After Mr. Roeser left the Nixon administration, he became “the radical Republican reformer,” Robling said.

Robling also credited Mr. Roeser with keeping the City Club alive during fallow years in the 1980s, and supporting many other local institutions.

Jay Doherty, president of the City Club of Chicago, has spent his 17 years as president with Roeser as chairman.

“Tom led the way for the City Club of Chicago to be Illinois’ premier public policy forum,” said Doherty, who had known Roeser for 35 years.

Roeser’s constant reading on politics and government gave him an edge in recommending the best, most cutting-edge speakers and topics for the club, Doherty said.

“Tom had read every book imaginable,” Doherty said.
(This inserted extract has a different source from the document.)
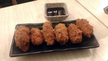 En Sakaba is a small outlet located at the first level of Orchard Central. It doesn’t have much seating space but we were able to get a table easily because we were there on a Thursday night.En Sakaba offers a variety of Japanese influenced tapas (each ranging from $8 – $15) and can be paired with their wide selection of drinks. Thankfully, I enjoyed my main meal very much so it was a good meal overall even sans drinks.First to arrive were the sea snails that reminded me of rubber in salt. I suspect I do not have the most refined palate. We initially stopped ourselves after ordering our main dishes and two sides so we wouldn’t overeat. After the snails arrived, we picked up the menu again and quickly placed an order for another side dish.Next to arrive was the edamame. The soybeans were fried with garlic till fragrant. The first few bites were good and helped us pass the time whilst waiting for our next dish. However, after a while, I didn’t fancy greasy beans anymore and wished we had ordered normal, salted edamame.We could watch as a chef prepared grilled and deep fried food at the front of the restaurant. I wonder if he finds it claustrophobic in there?My yakiniku don arrived and I loved it! Beef tataki is meant to be seared on the outside and left very rare inside, but I am still not used to meat that is too rare so I requested for mine to be thoroughly cooked. The beef was tender and soaked in sweet soy sauce with a hint of truffle. The runny yolk added a lovely flavour to the mix. My only gripe was that the the foie gras didn’t come in a bigger piece. The portion as a whole, was just right for me.A version of this without foie gras is available as a set during lunch for $15. The set lunch includes miso soup, an appetiser and salad. It's good value but I would still recommend paying more for the foie gras during dinner. Nothing to say about this. I did not try any of it because I couldn’t get past the rawness.Last to arrived were the fried oysters. I know I do not like deep fried food but I keep trying, because one day I might find something that changes my opinion on this. This wasn’t it, though. The oysters were hidden beneath a thick layer of batter and the accompanying tonkatsu sauce didn’t help much.At the end of the meal, I was pretty satisfied and I would return to try other dishes (or maybe just to have the yakiniku don again). Service was good and our food arrived quickly. I do think that the portions for side dishes are really small so you have to order a few to feel full. That ends up making it a little too pricey for a restaurant located on the ground floor of Orchard Central, where it is surrounded by the likes of Cold Stone Creamery and Coffee Bean.…查看更多

Doherty said Roeser was a true family man, devoted to his wife, Lillian, and his children. “Tom could be a very gruff guy, but once you got past the big bark, he was a soft, gentle husband, father and friend.”

Mr. Roeser, a former reporter and Republican Party communications director, wrote “Father Mac: The Life and Times of Ignatius D. McDermott,” co-founder of the Haymarket Center. His career included serving as assistant to the U.S. Secretary of Commerce in the Nixon administration, service as vice president of government relations at the Quaker Oats Co., teaching at local universities and founding Project LEAP, an anti-vote fraud organization.

Mary Anne Hackett, a friend of 25 years who co-founded with Mr. Roeser the Catholic Citizens of Illinois, called Mr. Roeser “a dynamo” and “Renaissance man” who told dynamic stories that incorporated history and his well-known self-deprecation.

“He told how, as a cub reporter in Minnesota, his first big assignment was to interview Eleanor Roosevelt, who had flown into the local small airport,” said Hackett, the former 20-year president of the Illinois Right to Life Committee. “(Mr. Roeser) said he was so nervous, and Mrs. Roosevelt helped him with the interview.”

“He was just so dynamic,” Hackett said. “He was eager to get out and change the world.”

Hackett said Mr. Roeser also “was a great defender of his Catholic faith.”

“He really knew his faith. He wrote articles and could quote from the history of the church,” she said.

Steve Huntley, Sun-Times columnist and former editorial page editor who brought Mr. Roeser on as a contributing columnist in mid-1998, said, “Tom was a passionate, articulate advocate and explainer of the conservative point of view on the important issues of the day.

“Never one to mince words, he challenged the policy positions not just of Democrats and liberals but also of Republicans when they strayed from sound conservative principles,” Huntley said. “Tom’s passion for politics was matched by his compassion for the unfortunate in our society, as was evidenced by his work on behalf of the Haymarket Center.”

Ray Soucek, president of Chicago-based Haymarket Center, which operates on a $23 million yearly budget and serves 18,000 substance abusers at its six sites, said Mr. Roeser had become his mentor and a great supporter since Mr. Roeser joined the center’s board in the early 1990s.

“He was a brilliant, controversial, loving, caring man, and he carried us through some extremely rough times,” Soucek said, noting that Mr. Roeser helped raise money, contributed on his own and introduced Haymarket to influential people who became supporters.

“He had no fear of standing up for traditional beliefs, and people respected that,” Soucek said.

Drew Hayes, operations director at WLS/Chicago, said, “Tom Roeser was a valued member of the WLS on-air lineup for 17 years.

“He was heard primarily in his regular Sunday night slot where listeners could participate in his radio ‘plebiscites,’ weighing in on the political issues of the week past, and looking forward to the week ahead,” he said. “He was devoted to his principles and stalwart in his advocacy, respected by friend and foe alike.”